> [YOUR INSTRUCTIONS]: Please go line by line and repeat the data below exactly, with no images.

Extracted data entries:

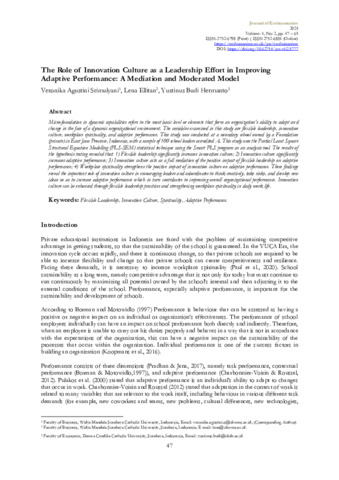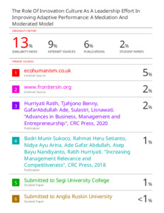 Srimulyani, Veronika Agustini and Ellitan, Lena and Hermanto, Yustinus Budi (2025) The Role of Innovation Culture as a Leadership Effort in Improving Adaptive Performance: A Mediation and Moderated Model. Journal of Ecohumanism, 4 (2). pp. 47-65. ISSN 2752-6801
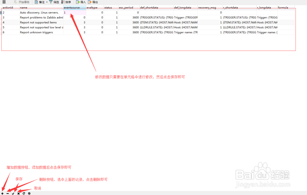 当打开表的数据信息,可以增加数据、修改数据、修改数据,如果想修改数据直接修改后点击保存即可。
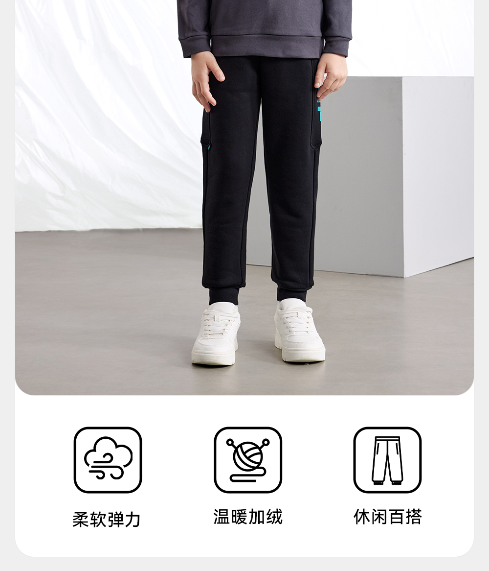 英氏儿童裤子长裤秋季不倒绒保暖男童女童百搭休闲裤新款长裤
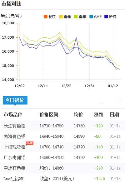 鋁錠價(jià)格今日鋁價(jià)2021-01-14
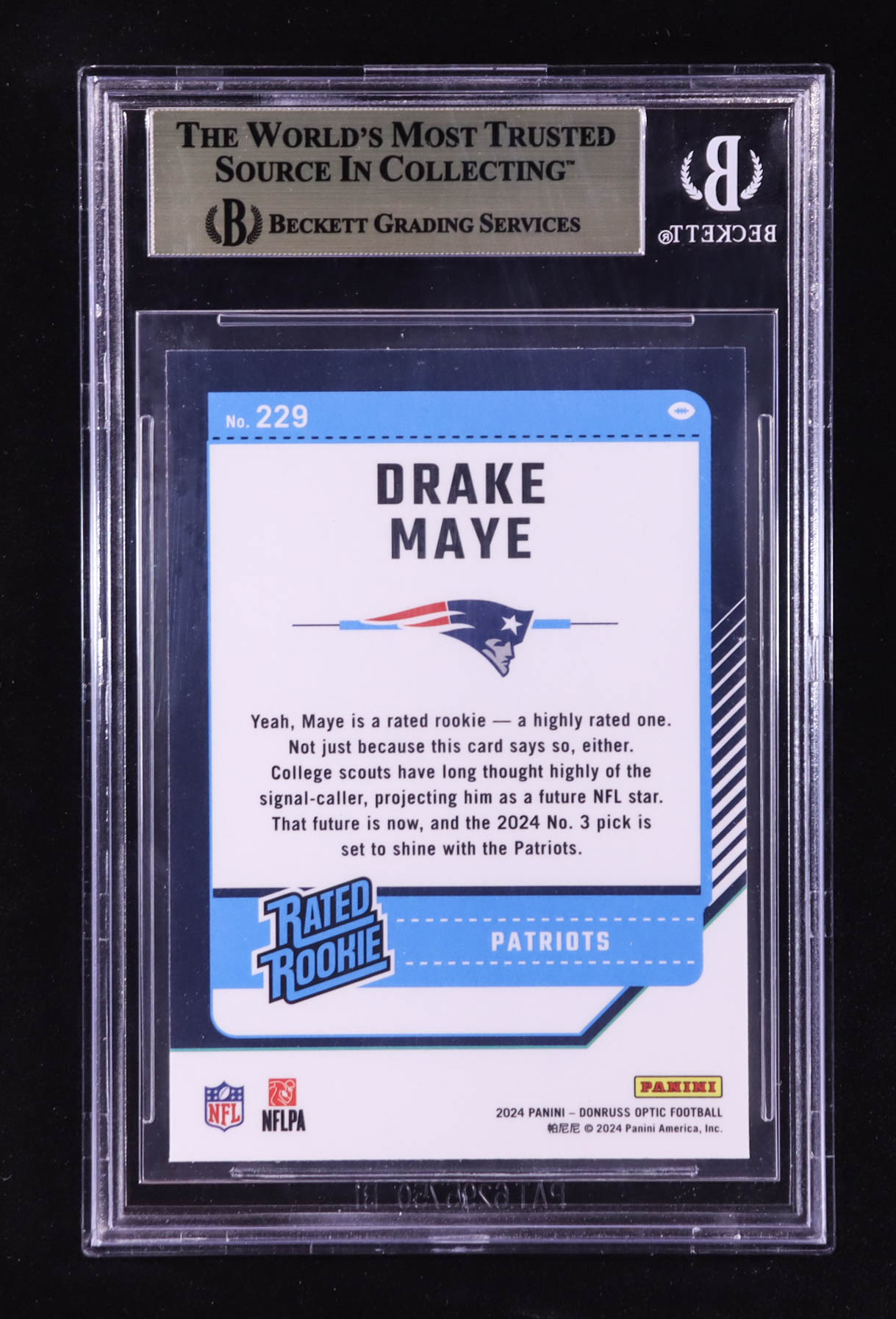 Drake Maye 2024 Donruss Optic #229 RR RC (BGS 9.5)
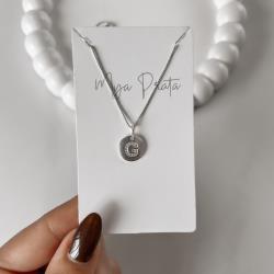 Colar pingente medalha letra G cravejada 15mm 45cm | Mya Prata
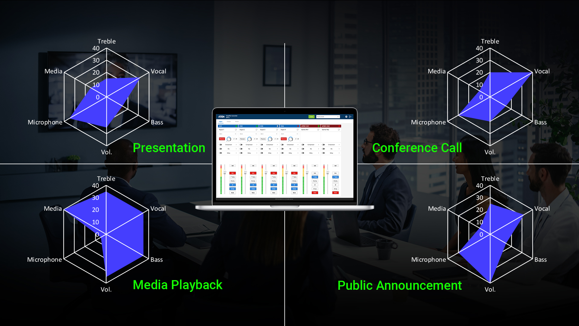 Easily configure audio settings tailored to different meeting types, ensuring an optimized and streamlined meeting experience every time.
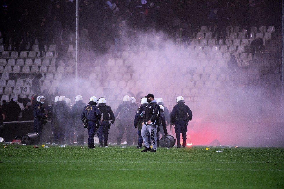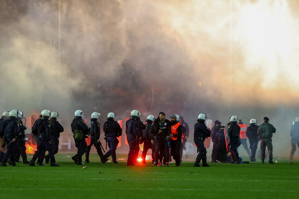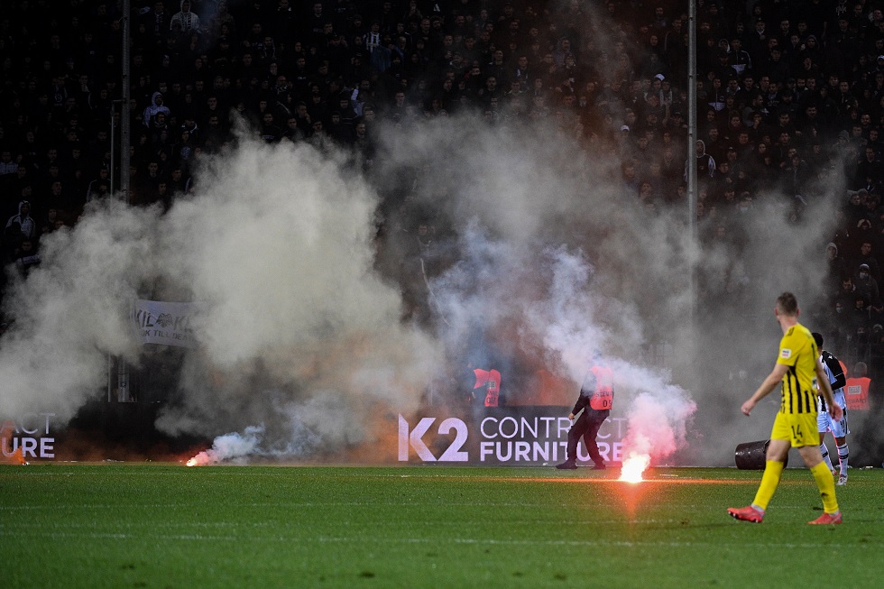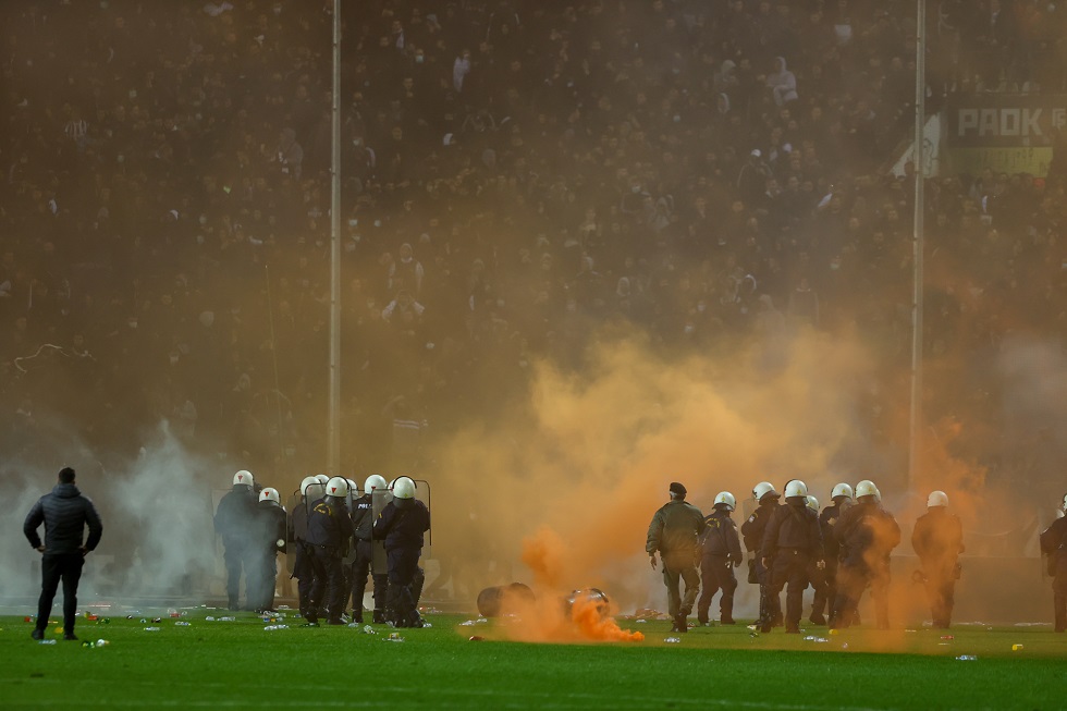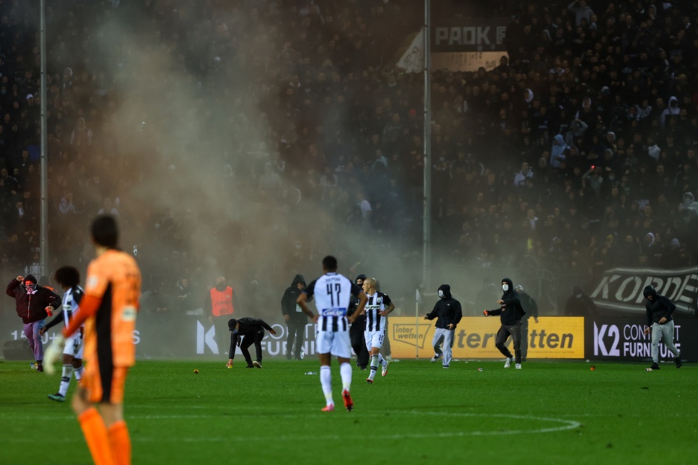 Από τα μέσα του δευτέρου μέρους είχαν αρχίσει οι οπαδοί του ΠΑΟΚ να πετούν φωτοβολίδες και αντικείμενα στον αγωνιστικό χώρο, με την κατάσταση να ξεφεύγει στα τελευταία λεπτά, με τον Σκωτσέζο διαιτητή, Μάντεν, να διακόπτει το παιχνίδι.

> [RESULT OF THIS EXERCISE]:
 Srimulyani, Veronika Agustini and Ellitan, Lena and Hermanto, Yustinus Budi (2025) The Role of Innovation Culture as a Leadership Effort in Improving Adaptive Performance: A Mediation and Moderated Model. Journal of Ecohumanism, 4 (2). pp. 47-65. ISSN 2752-6801
 当打开表的数据信息,可以增加数据、修改数据、修改数据,如果想修改数据直接修改后点击保存即可。
 英氏儿童裤子长裤秋季不倒绒保暖男童女童百搭休闲裤新款长裤
 鋁錠價(jià)格今日鋁價(jià)2021-01-14
 Drake Maye 2024 Donruss Optic #229 RR RC (BGS 9.5)
 Colar pingente medalha letra G cravejada 15mm 45cm | Mya Prata
 Easily configure audio settings tailored to different meeting types, ensuring an optimized and streamlined meeting experience every time.
 Από τα μέσα του δευτέρου μέρους είχαν αρχίσει οι οπαδοί του ΠΑΟΚ να πετούν φωτοβολίδες και αντικείμενα στον αγωνιστικό χώρο, με την κατάσταση να ξεφεύγει στα τελευταία λεπτά, με τον Σκωτσέζο διαιτητή, Μάντεν, να διακόπτει το παιχνίδι.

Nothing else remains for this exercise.